DESCRIPTION OF THE TASK: Among the entries below, please repeat exactly and only the lines from the line containing "soll ich das" to the line containing "- VIN : 5FPYK3F58TB001587", both lines included.

RECORD EXTRACTS:
_ _ _ _ _ _ _

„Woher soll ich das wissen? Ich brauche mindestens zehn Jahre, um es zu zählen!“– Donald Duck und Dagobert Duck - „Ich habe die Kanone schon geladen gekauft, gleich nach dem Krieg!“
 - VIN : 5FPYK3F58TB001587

_ _ _ _ _ _ _

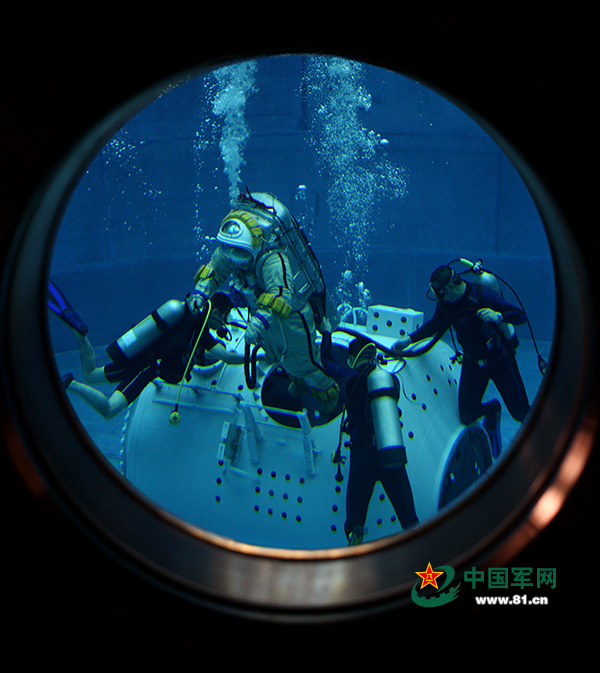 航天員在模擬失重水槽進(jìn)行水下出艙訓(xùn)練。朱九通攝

_ _ _ _ _ _ _

EXERCISE RESPONSE:
„Woher soll ich das wissen? Ich brauche mindestens zehn Jahre, um es zu zählen!“– Donald Duck und Dagobert Duck - „Ich habe die Kanone schon geladen gekauft, gleich nach dem Krieg!“
 - VIN : 5FPYK3F58TB001587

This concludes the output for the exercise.